> _Data supplied_

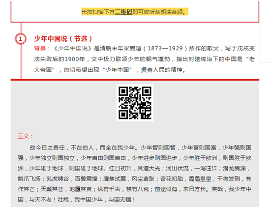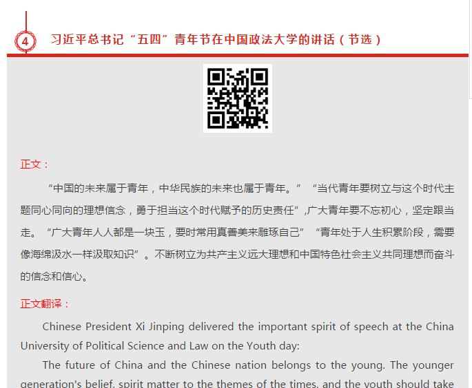 团日活动选取了《少年中国说》、毛泽东主席《唯心历史观的破产》文章节选、邓小平同志1979年改革开放之初的讲话、习近平总书记“五四”青年节在中国政法大学讲话、入团誓词等五段篇章,组织雷锋团支部成员在专业教师的指导下将节选内容翻译成英文,该支部成员纷纷化身“朗读者”,用中英双语对这五个选段进行了朗读,记录并呈现在外语公司分团委“工商外语人”微信公众号上。
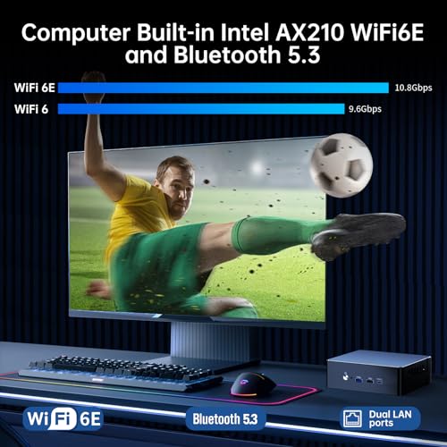 [Schnittstellenspezifikationen] Mini PC ist ausgestattet mit 3xUSB3.2, 3xUSB2.0, 1xHDMI2.1, 1xDP1.4A, 1xUSB-C, 1xAuido(3.5mm), 2xRJ-45 Giga LAN port(1 x 2.5G LAN, 1 x 1G LAN). Mini PC ist mit 1 x 2.5Gbps LAN Port ausgestattet, es erweitert seine Funktionen und verbessert die Leistung des Computers zu einem großen Abschnitt und ermöglichen Ihnen, mehr Netzwerke wie Software-Router, Firewalls, NAT usw. zu verwenden. Reichhaltige Ports sind auch mit Ihren verschiedenen Bürogeräten kompatibel.
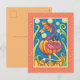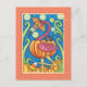 HALLOWEEN PINK FLAMINGO & BLACK CAT IN PUMPKIN HOLIDAY POSTCARD
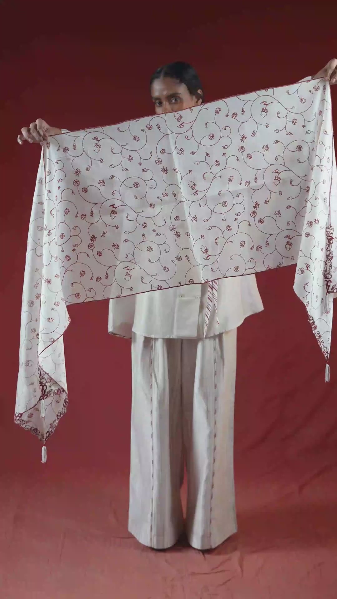 Crafted from hand-screen-printed cotton silk, the Ithaa Cotton Silk Scarf is an elegant accessory with thoughtful artisanal details. The edges are finished with hand embroidery and handmade beaded tassels, creating a delicate and textured finish. Lightweight and airy, it drapes naturally over the body, offering effortless style. Every stitch, tassel, and embroidered detail has been executed with hours of careful labour, transforming this scarf into an accessory that celebrates meticulous craftsmanship and refined elegance.
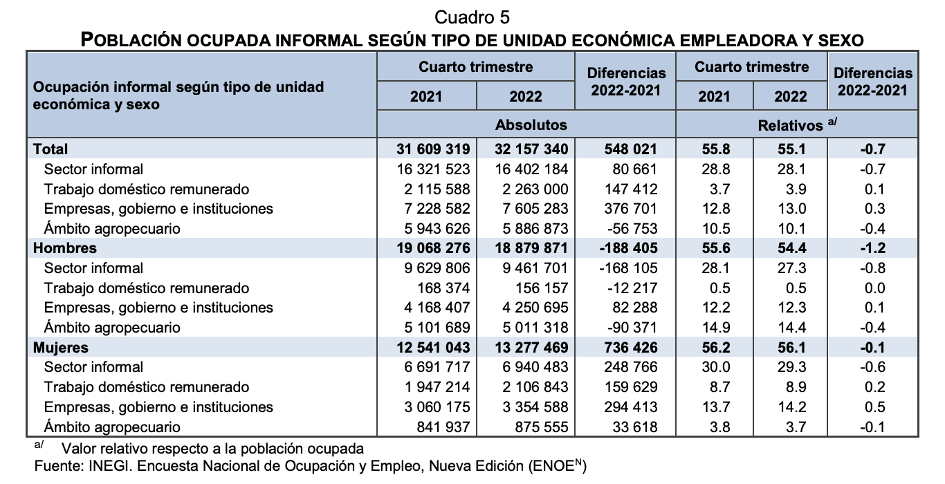 Los resultados de la Encuesta Nacional de Ocupación y Empleo del Inegi indican que, en el cuarto trimestre de 2022, la suma de las personas en todas las modalidades de empleo informal fue de 32.2 millones. Esto es el 55.1 por ciento del total de la población ocupada, que fue de 60.1 millones de personas.
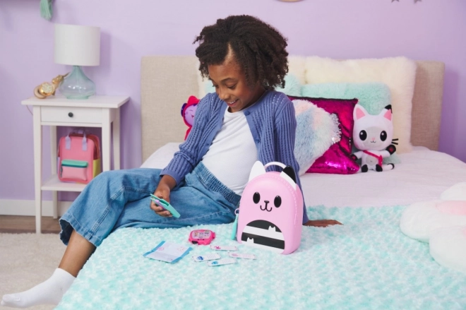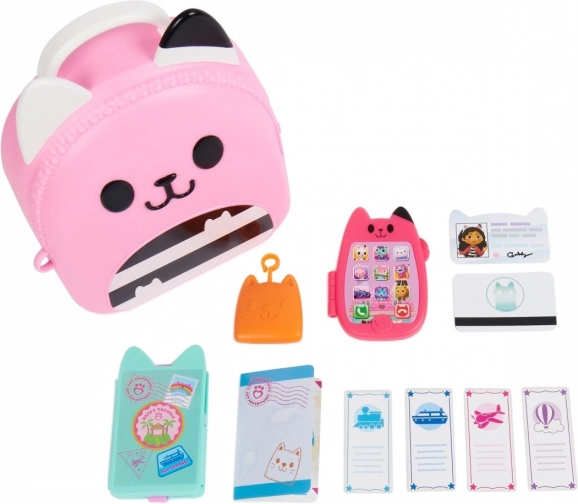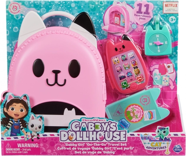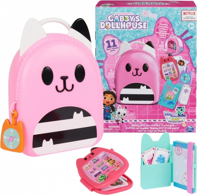 Preparati a emozionanti avventure con il set da viaggio Zaino. Questo set da 11 pezzi è l’equipaggiamento indispensabile per i fan della serie DreamWorks La casa dei gattini di Gabby che amano il gioco di ruolo. Include un telefono giocattolo pieghevole che può contenere il portachiavi a forma di gatto, la carta d’identità di Gabby, un ciondolo con bussola, un portafoglio da viaggio che ospita il passaporto giocattolo e i biglietti, e una scatolina per giocattoli super carina a forma di gattino con speciali agganci, in cui riporre tutti gli splendidi giochi della scuola materna. Ogni pezzo del set è stato realizzato con design e stile autentici, proprio come l’attrezzatura da viaggio di Gabby nella serie. I bambini ameranno correre per casa facendo finta di viaggiare per il mondo proprio come Gabby. Per avventure ancora più entusiasmanti, cerca la fotocamera, che entra anch’essa nel contenitore, così potrai divertirti a scattare foto durante i viaggi (fotocamera venduta separatamente). Per un’ultima sorpresa, scansiona il codice QR sulla confezione del set da viaggio per accedere all’app gratuita La casa dei gattini di Gabby (disponibile per iOS e Android). I peluche, le bambole, le figure e i playset de La casa dei gattini di Gabby sono giocattoli ideali per bambine e bambini che amano usare la fantasia e creare il proprio mondo di casette per bambole: preparati a infinite avventure con il set da viaggio di Gabby in movimento.
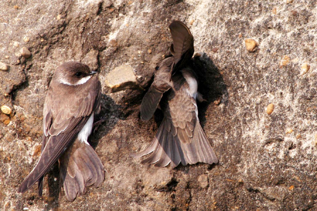 Bank Swallows may be the plainest bird in the swallow family, but their communal nesting in the side of hills is fascinating. This is an old film image. At this location I would sit in my car at the edge of an abandon parking lot. Just to my left was an old pile of dirt that they would use for nesting. In many cases I was at the minimum focusing distance of my lens. I would then switch to a 300mm lens, and then to a 50mm leans. This helped me tell the whole story of the Bank Swallow. In this case one adult is feeding babies while the other observes. The pile of dirt was removed a few years ago but there is another site in this area.
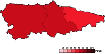 ![]() Constituency results map for the General Junta of the Principality of Asturias | ||||||||||||||||||||||||||||||||||||||||||||||||||||||||||||||||||||||||||||||||||

> _Required action_
Print out the records in full and exactly, dropping every picture.

> _Task answer_
 团日活动选取了《少年中国说》、毛泽东主席《唯心历史观的破产》文章节选、邓小平同志1979年改革开放之初的讲话、习近平总书记“五四”青年节在中国政法大学讲话、入团誓词等五段篇章,组织雷锋团支部成员在专业教师的指导下将节选内容翻译成英文,该支部成员纷纷化身“朗读者”,用中英双语对这五个选段进行了朗读,记录并呈现在外语公司分团委“工商外语人”微信公众号上。
 [Schnittstellenspezifikationen] Mini PC ist ausgestattet mit 3xUSB3.2, 3xUSB2.0, 1xHDMI2.1, 1xDP1.4A, 1xUSB-C, 1xAuido(3.5mm), 2xRJ-45 Giga LAN port(1 x 2.5G LAN, 1 x 1G LAN). Mini PC ist mit 1 x 2.5Gbps LAN Port ausgestattet, es erweitert seine Funktionen und verbessert die Leistung des Computers zu einem großen Abschnitt und ermöglichen Ihnen, mehr Netzwerke wie Software-Router, Firewalls, NAT usw. zu verwenden. Reichhaltige Ports sind auch mit Ihren verschiedenen Bürogeräten kompatibel.
 HALLOWEEN PINK FLAMINGO & BLACK CAT IN PUMPKIN HOLIDAY POSTCARD
 Crafted from hand-screen-printed cotton silk, the Ithaa Cotton Silk Scarf is an elegant accessory with thoughtful artisanal details. The edges are finished with hand embroidery and handmade beaded tassels, creating a delicate and textured finish. Lightweight and airy, it drapes naturally over the body, offering effortless style. Every stitch, tassel, and embroidered detail has been executed with hours of careful labour, transforming this scarf into an accessory that celebrates meticulous craftsmanship and refined elegance.
 Los resultados de la Encuesta Nacional de Ocupación y Empleo del Inegi indican que, en el cuarto trimestre de 2022, la suma de las personas en todas las modalidades de empleo informal fue de 32.2 millones. Esto es el 55.1 por ciento del total de la población ocupada, que fue de 60.1 millones de personas.
 Preparati a emozionanti avventure con il set da viaggio Zaino. Questo set da 11 pezzi è l’equipaggiamento indispensabile per i fan della serie DreamWorks La casa dei gattini di Gabby che amano il gioco di ruolo. Include un telefono giocattolo pieghevole che può contenere il portachiavi a forma di gatto, la carta d’identità di Gabby, un ciondolo con bussola, un portafoglio da viaggio che ospita il passaporto giocattolo e i biglietti, e una scatolina per giocattoli super carina a forma di gattino con speciali agganci, in cui riporre tutti gli splendidi giochi della scuola materna. Ogni pezzo del set è stato realizzato con design e stile autentici, proprio come l’attrezzatura da viaggio di Gabby nella serie. I bambini ameranno correre per casa facendo finta di viaggiare per il mondo proprio come Gabby. Per avventure ancora più entusiasmanti, cerca la fotocamera, che entra anch’essa nel contenitore, così potrai divertirti a scattare foto durante i viaggi (fotocamera venduta separatamente). Per un’ultima sorpresa, scansiona il codice QR sulla confezione del set da viaggio per accedere all’app gratuita La casa dei gattini di Gabby (disponibile per iOS e Android). I peluche, le bambole, le figure e i playset de La casa dei gattini di Gabby sono giocattoli ideali per bambine e bambini che amano usare la fantasia e creare il proprio mondo di casette per bambole: preparati a infinite avventure con il set da viaggio di Gabby in movimento.
 Bank Swallows may be the plainest bird in the swallow family, but their communal nesting in the side of hills is fascinating. This is an old film image. At this location I would sit in my car at the edge of an abandon parking lot. Just to my left was an old pile of dirt that they would use for nesting. In many cases I was at the minimum focusing distance of my lens. I would then switch to a 300mm lens, and then to a 50mm leans. This helped me tell the whole story of the Bank Swallow. In this case one adult is feeding babies while the other observes. The pile of dirt was removed a few years ago but there is another site in this area.
 ![]() Constituency results map for the General Junta of the Principality of Asturias | ||||||||||||||||||||||||||||||||||||||||||||||||||||||||||||||||||||||||||||||||||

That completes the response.